With the pictures left out, transcribe exactly the lines from the one with "En resumen, el" through the end of the data.

DATA SHOWN:
------------------------------------------------------------------------
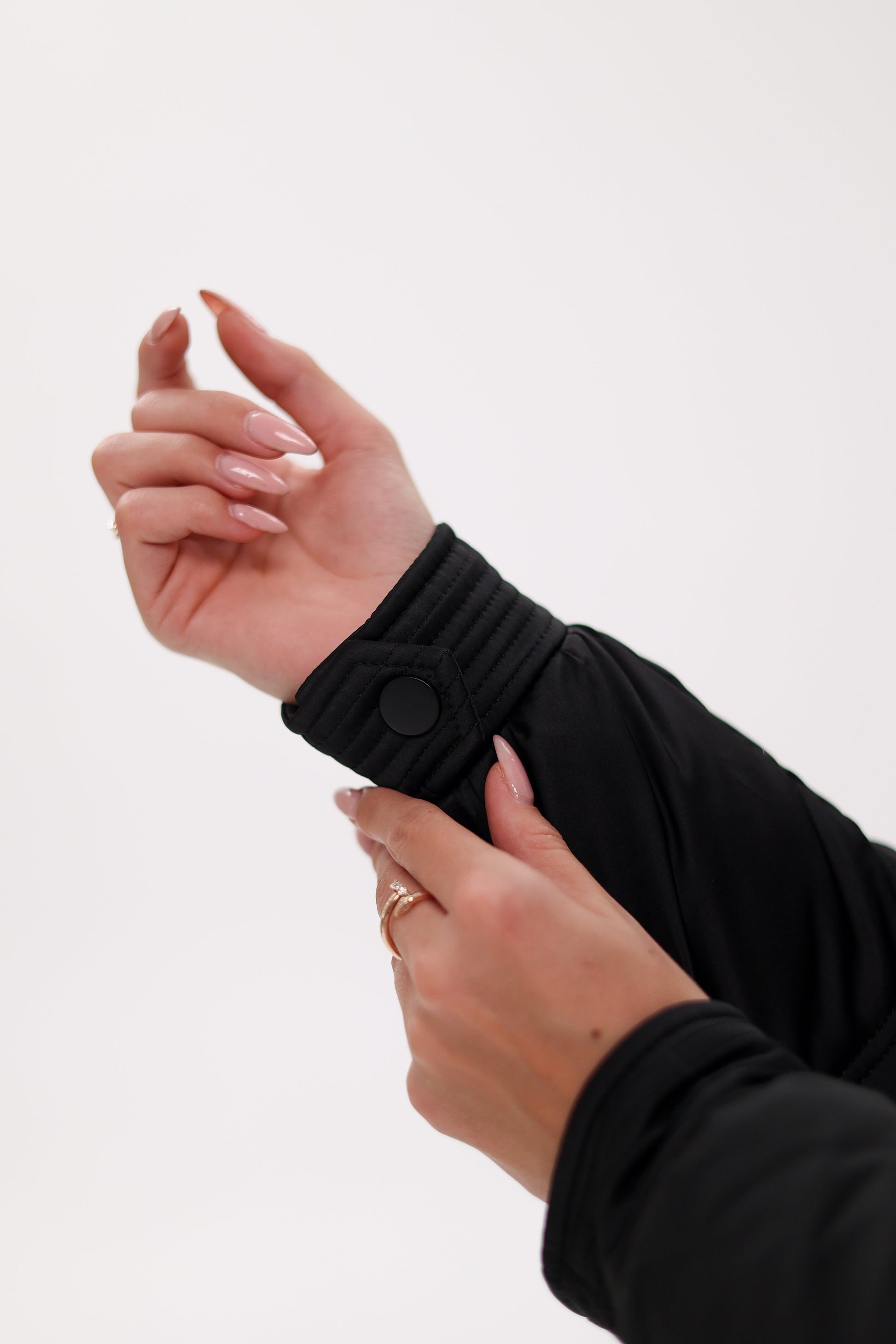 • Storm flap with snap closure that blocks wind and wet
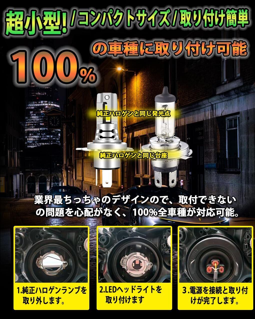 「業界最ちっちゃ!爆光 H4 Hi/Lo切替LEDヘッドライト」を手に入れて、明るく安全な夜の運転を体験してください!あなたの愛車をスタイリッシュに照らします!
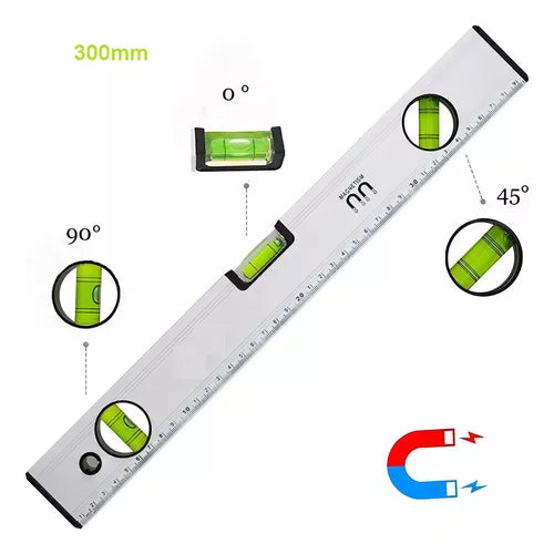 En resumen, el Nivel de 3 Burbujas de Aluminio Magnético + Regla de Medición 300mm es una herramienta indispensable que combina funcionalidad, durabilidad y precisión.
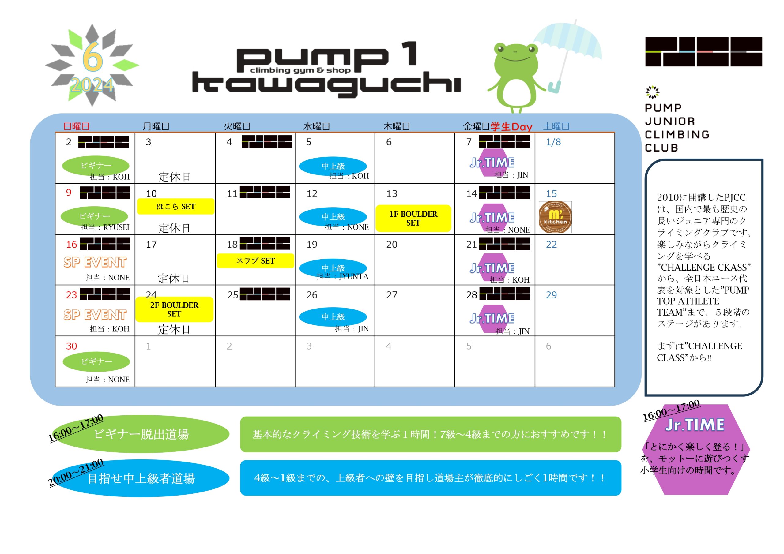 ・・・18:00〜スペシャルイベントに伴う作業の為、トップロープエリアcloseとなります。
------------------------------------------------------------------------
ANSWER BOX:
 En resumen, el Nivel de 3 Burbujas de Aluminio Magnético + Regla de Medición 300mm es una herramienta indispensable que combina funcionalidad, durabilidad y precisión.
 ・・・18:00〜スペシャルイベントに伴う作業の為、トップロープエリアcloseとなります。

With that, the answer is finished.